[Recorded data]
+++

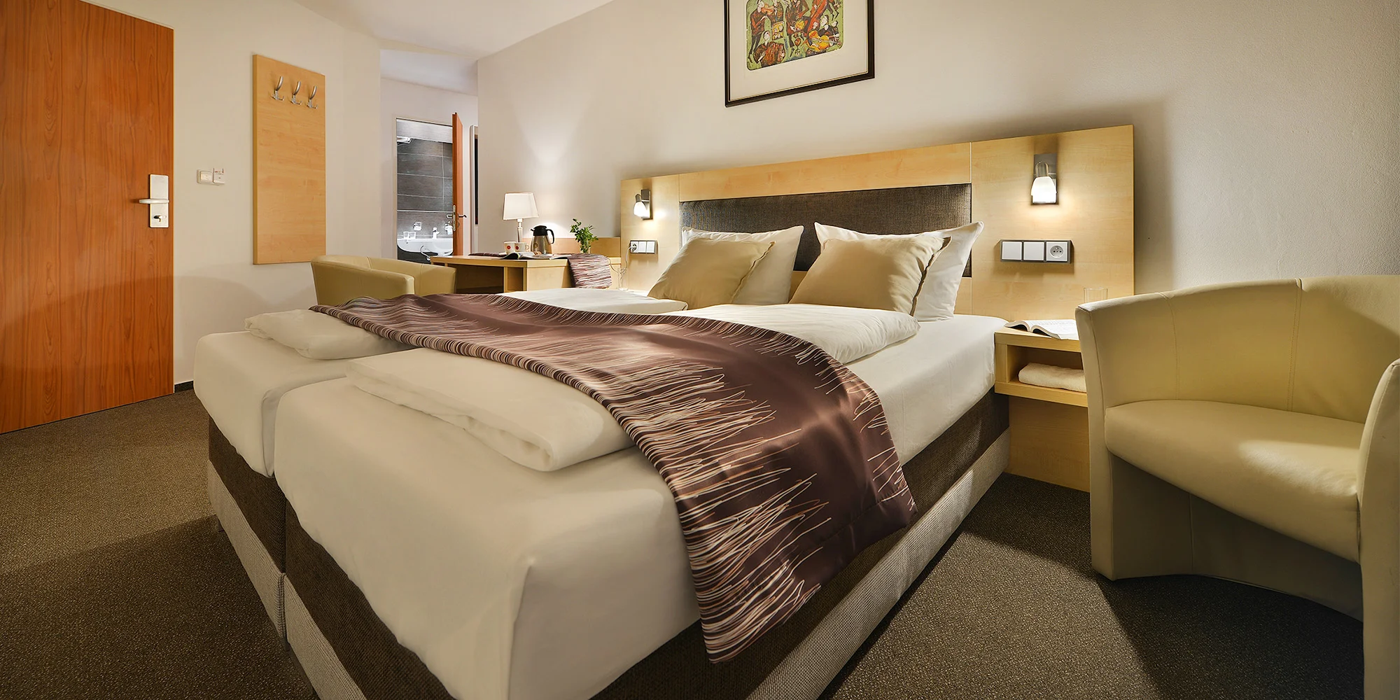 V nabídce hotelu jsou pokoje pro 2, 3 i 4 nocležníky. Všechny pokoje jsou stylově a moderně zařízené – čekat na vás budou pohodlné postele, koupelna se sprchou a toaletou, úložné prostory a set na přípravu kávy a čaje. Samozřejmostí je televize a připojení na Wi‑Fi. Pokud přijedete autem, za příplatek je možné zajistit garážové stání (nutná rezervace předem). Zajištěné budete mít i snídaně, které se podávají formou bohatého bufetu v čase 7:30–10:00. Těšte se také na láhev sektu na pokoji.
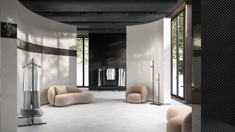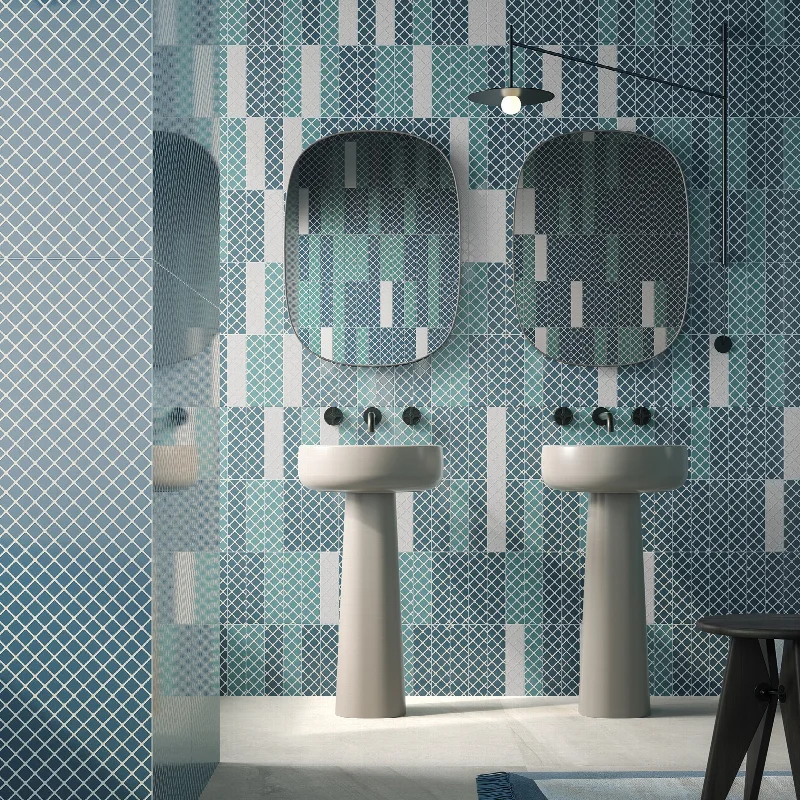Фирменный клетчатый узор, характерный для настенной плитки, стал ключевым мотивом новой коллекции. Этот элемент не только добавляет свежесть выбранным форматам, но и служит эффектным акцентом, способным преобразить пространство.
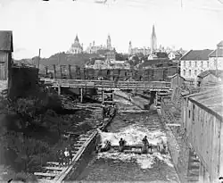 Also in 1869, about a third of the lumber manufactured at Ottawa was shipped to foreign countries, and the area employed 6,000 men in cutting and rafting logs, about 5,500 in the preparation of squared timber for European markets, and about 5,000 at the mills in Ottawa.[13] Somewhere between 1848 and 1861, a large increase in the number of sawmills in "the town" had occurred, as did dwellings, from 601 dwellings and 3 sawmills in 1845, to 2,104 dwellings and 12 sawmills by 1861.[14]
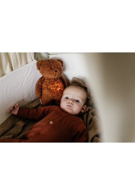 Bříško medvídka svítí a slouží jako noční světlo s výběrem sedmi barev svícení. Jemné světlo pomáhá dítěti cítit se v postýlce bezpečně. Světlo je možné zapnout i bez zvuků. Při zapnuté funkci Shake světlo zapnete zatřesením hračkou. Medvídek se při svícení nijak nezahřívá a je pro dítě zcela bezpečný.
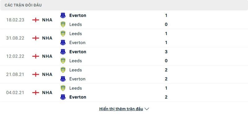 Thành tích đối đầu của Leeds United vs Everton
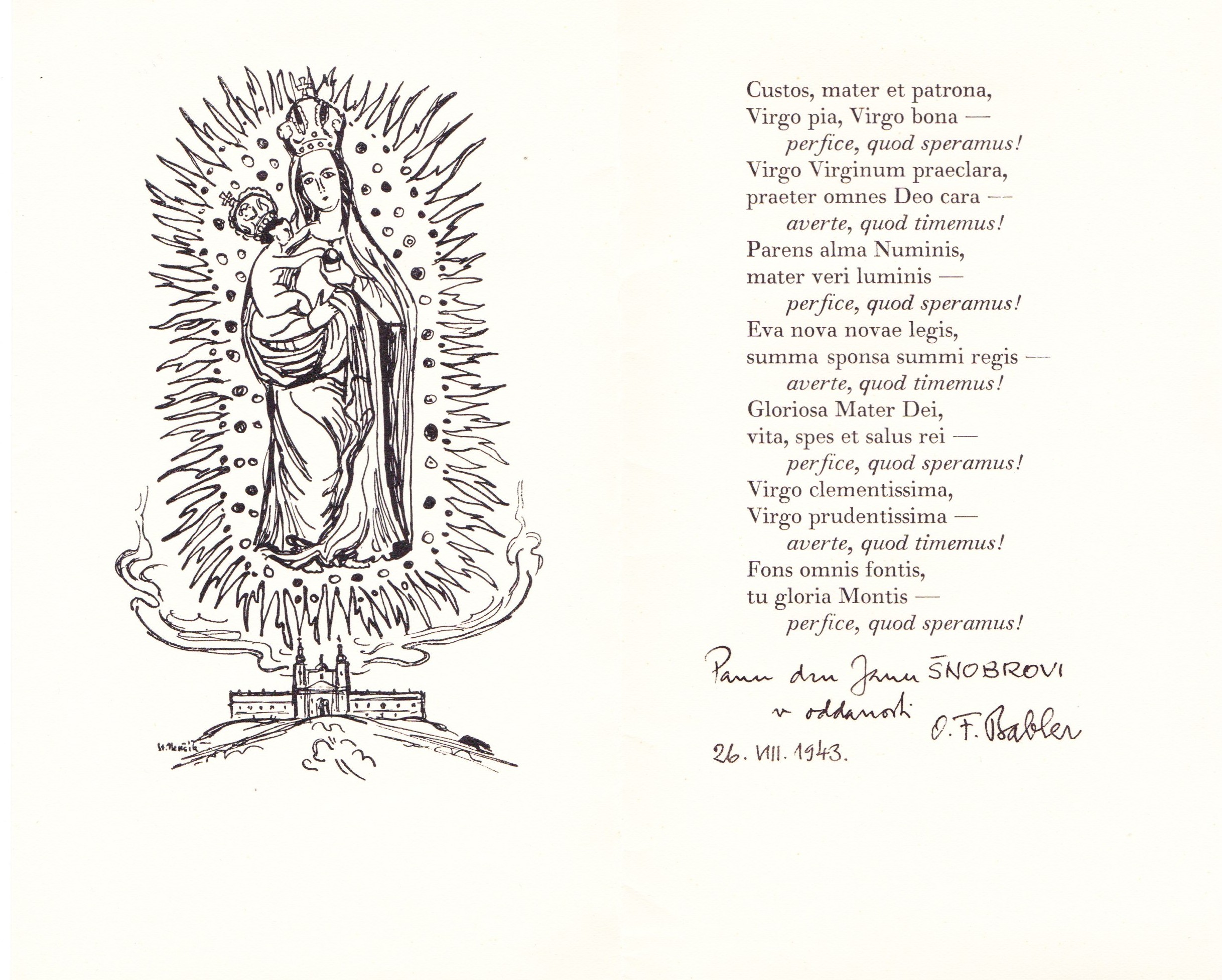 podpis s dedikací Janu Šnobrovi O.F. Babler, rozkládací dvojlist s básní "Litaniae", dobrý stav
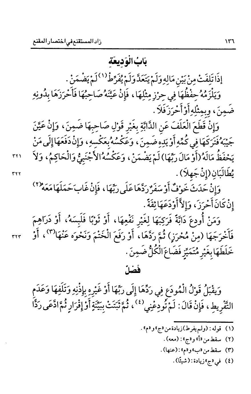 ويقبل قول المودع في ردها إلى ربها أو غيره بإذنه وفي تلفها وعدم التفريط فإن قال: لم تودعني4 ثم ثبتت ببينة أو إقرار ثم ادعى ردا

+++

▸ Exercise brief: Repeat every entry above precisely, leaving each picture out.

▸ Exercise answer:
 V nabídce hotelu jsou pokoje pro 2, 3 i 4 nocležníky. Všechny pokoje jsou stylově a moderně zařízené – čekat na vás budou pohodlné postele, koupelna se sprchou a toaletou, úložné prostory a set na přípravu kávy a čaje. Samozřejmostí je televize a připojení na Wi‑Fi. Pokud přijedete autem, za příplatek je možné zajistit garážové stání (nutná rezervace předem). Zajištěné budete mít i snídaně, které se podávají formou bohatého bufetu v čase 7:30–10:00. Těšte se také na láhev sektu na pokoji.
Фирменный клетчатый узор, характерный для настенной плитки, стал ключевым мотивом новой коллекции. Этот элемент не только добавляет свежесть выбранным форматам, но и служит эффектным акцентом, способным преобразить пространство.
 Also in 1869, about a third of the lumber manufactured at Ottawa was shipped to foreign countries, and the area employed 6,000 men in cutting and rafting logs, about 5,500 in the preparation of squared timber for European markets, and about 5,000 at the mills in Ottawa.[13] Somewhere between 1848 and 1861, a large increase in the number of sawmills in "the town" had occurred, as did dwellings, from 601 dwellings and 3 sawmills in 1845, to 2,104 dwellings and 12 sawmills by 1861.[14]
 Bříško medvídka svítí a slouží jako noční světlo s výběrem sedmi barev svícení. Jemné světlo pomáhá dítěti cítit se v postýlce bezpečně. Světlo je možné zapnout i bez zvuků. Při zapnuté funkci Shake světlo zapnete zatřesením hračkou. Medvídek se při svícení nijak nezahřívá a je pro dítě zcela bezpečný.
 Thành tích đối đầu của Leeds United vs Everton
 podpis s dedikací Janu Šnobrovi O.F. Babler, rozkládací dvojlist s básní "Litaniae", dobrý stav
 ويقبل قول المودع في ردها إلى ربها أو غيره بإذنه وفي تلفها وعدم التفريط فإن قال: لم تودعني4 ثم ثبتت ببينة أو إقرار ثم ادعى ردا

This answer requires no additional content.